**What to do:** What's wanted is each entry repeated verbatim, minus its images.

**Data to process:**

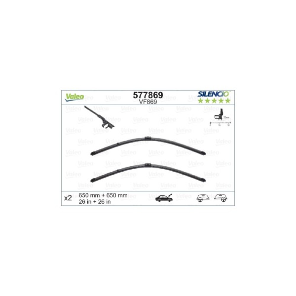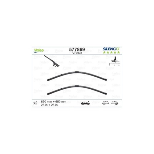 Безкаркасні склоочисники Valeo 577869 650х650мм виготовлені з сировини високої якості. В основу безкаркасної конструкції входить пружна металева пластина, яка забезпечує щільний притиск двірника по всій поверхні вітрового скла не залежно від радіуса його кривизни. Дана пластина повністю захована в корпус, що виключає виникнення корозії і продовжує термін служби. Сам корпус виготовлений у вигляді спойлера, для додаткового притиску на високій швидкості. Лезо склоочисника нейтрально до впливу компонентів омивача скла, воно зберігає свою м'якість і еластичність при тривалому впливі сонячних променів.
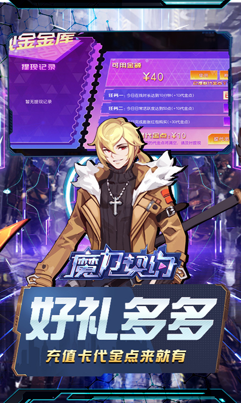 都市异能幻想MMO《魔力契约》0.05折狂欢今日引爆,全档位充值永享0.05折优惠!登录即送VIP20,炫酷时装,还能畅享多重福利系统,真充卡,直充币,代金券领到手软!买断特权点击就送,每日领取神尊礼包,再享专属特权寻宝!霓虹闪烁的机械文明之下,魔物撕裂时空侵袭现世,暗影中的阴谋悄然浮动……身为搜查员的你,在执行任务时竟发现了另一个濒临崩溃的平行世界。你与异界精灵缔结“魔力契约”,自此踏上一场拯救之旅。沉浸漫游未来都市,酷炫技能特效炸裂全场!四大职业自由选择,立即下载,打出你的专属战斗风格!
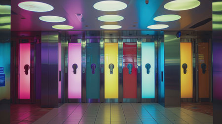 A striking display of colorful doors in a modern public building, featuring vibrant hues and unique lighting, creating an inviting and artistic atmosphere.
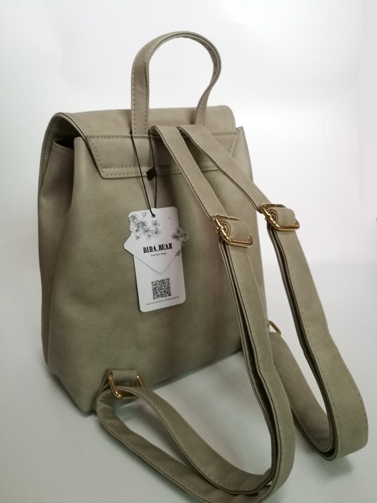 Elegante zaino a una camera chiuso con cinturini e chiusura metallica, con pattina a due cinturini.
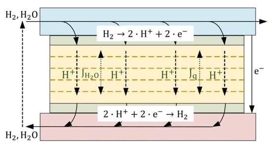 By applying this theory to the PEM-based TGC with two H2/H2O electrodes of different gas compositions and temperatures, the resulting fluxes of water, hydrogen ions, and heat inside the electrolyte can be described as:
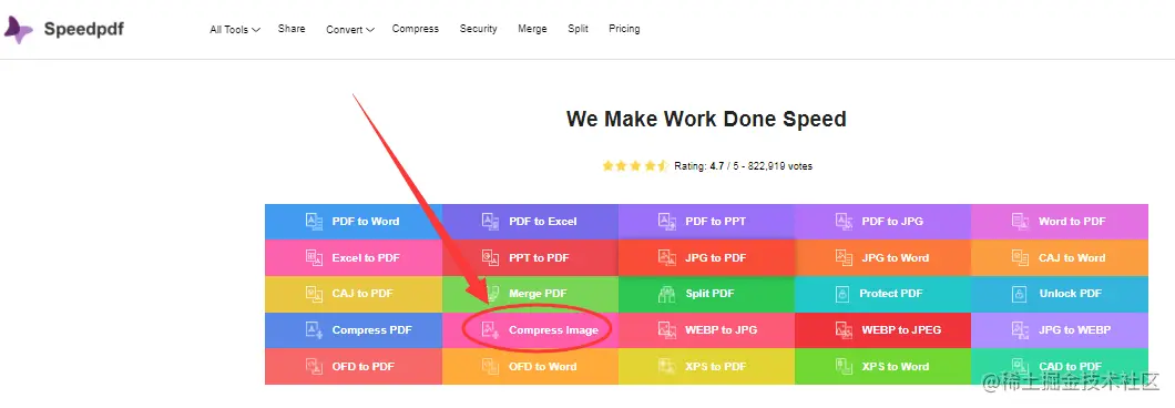 2、另外也可以使用speedpdf在线转换器,除了日常使用较多的文档转换外,图片压缩功能也是非常好用。打开这个在线转换工具后,选择compress image进入转换,也有免费试用哦,网页处右击可以翻译成中文页面。
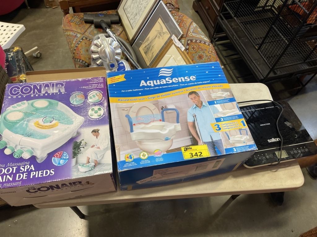 RAISED TOILET SEAT, FOOTBATH AND SALTON HOT PLATE
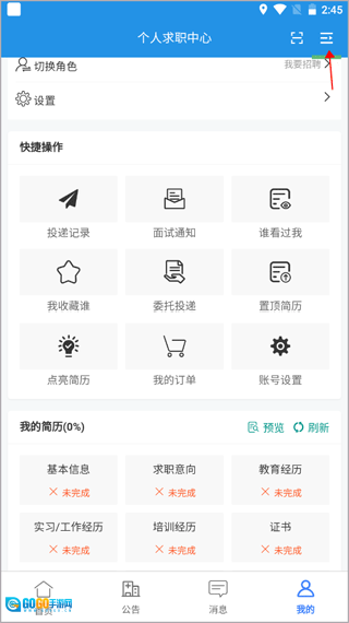1. 个人求职中心:求职动态可自主掌握**简历填写、头像上传以及职场图片和证书的添加操作都非常简单便捷。
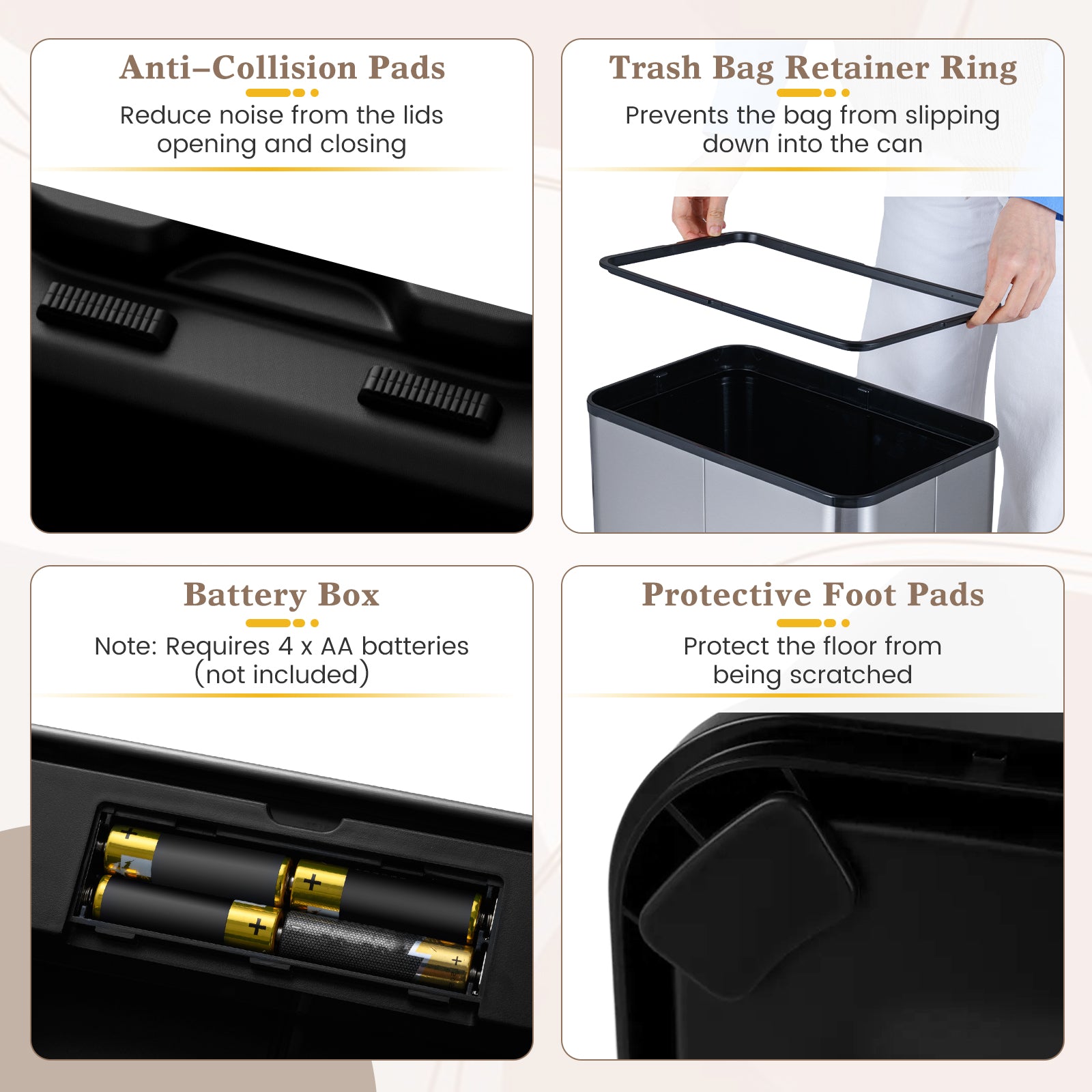 User-Friendly Details: The motion sensor trash can is equipped with a trash bag retainer ring that keeps bags securely in place, protective foot pads to prevent scratches, and even comes with a pair of gloves for mess-free bag changes. Powered by 4 AA batteries (not included), it is simple to maintain and built for everyday ease.

**Solution to this exercise:**
 Безкаркасні склоочисники Valeo 577869 650х650мм виготовлені з сировини високої якості. В основу безкаркасної конструкції входить пружна металева пластина, яка забезпечує щільний притиск двірника по всій поверхні вітрового скла не залежно від радіуса його кривизни. Дана пластина повністю захована в корпус, що виключає виникнення корозії і продовжує термін служби. Сам корпус виготовлений у вигляді спойлера, для додаткового притиску на високій швидкості. Лезо склоочисника нейтрально до впливу компонентів омивача скла, воно зберігає свою м'якість і еластичність при тривалому впливі сонячних променів.
 都市异能幻想MMO《魔力契约》0.05折狂欢今日引爆,全档位充值永享0.05折优惠!登录即送VIP20,炫酷时装,还能畅享多重福利系统,真充卡,直充币,代金券领到手软!买断特权点击就送,每日领取神尊礼包,再享专属特权寻宝!霓虹闪烁的机械文明之下,魔物撕裂时空侵袭现世,暗影中的阴谋悄然浮动……身为搜查员的你,在执行任务时竟发现了另一个濒临崩溃的平行世界。你与异界精灵缔结“魔力契约”,自此踏上一场拯救之旅。沉浸漫游未来都市,酷炫技能特效炸裂全场!四大职业自由选择,立即下载,打出你的专属战斗风格!
 A striking display of colorful doors in a modern public building, featuring vibrant hues and unique lighting, creating an inviting and artistic atmosphere.
 Elegante zaino a una camera chiuso con cinturini e chiusura metallica, con pattina a due cinturini.
 By applying this theory to the PEM-based TGC with two H2/H2O electrodes of different gas compositions and temperatures, the resulting fluxes of water, hydrogen ions, and heat inside the electrolyte can be described as:
 2、另外也可以使用speedpdf在线转换器,除了日常使用较多的文档转换外,图片压缩功能也是非常好用。打开这个在线转换工具后,选择compress image进入转换,也有免费试用哦,网页处右击可以翻译成中文页面。
 RAISED TOILET SEAT, FOOTBATH AND SALTON HOT PLATE
1. 个人求职中心:求职动态可自主掌握**简历填写、头像上传以及职场图片和证书的添加操作都非常简单便捷。
 User-Friendly Details: The motion sensor trash can is equipped with a trash bag retainer ring that keeps bags securely in place, protective foot pads to prevent scratches, and even comes with a pair of gloves for mess-free bag changes. Powered by 4 AA batteries (not included), it is simple to maintain and built for everyday ease.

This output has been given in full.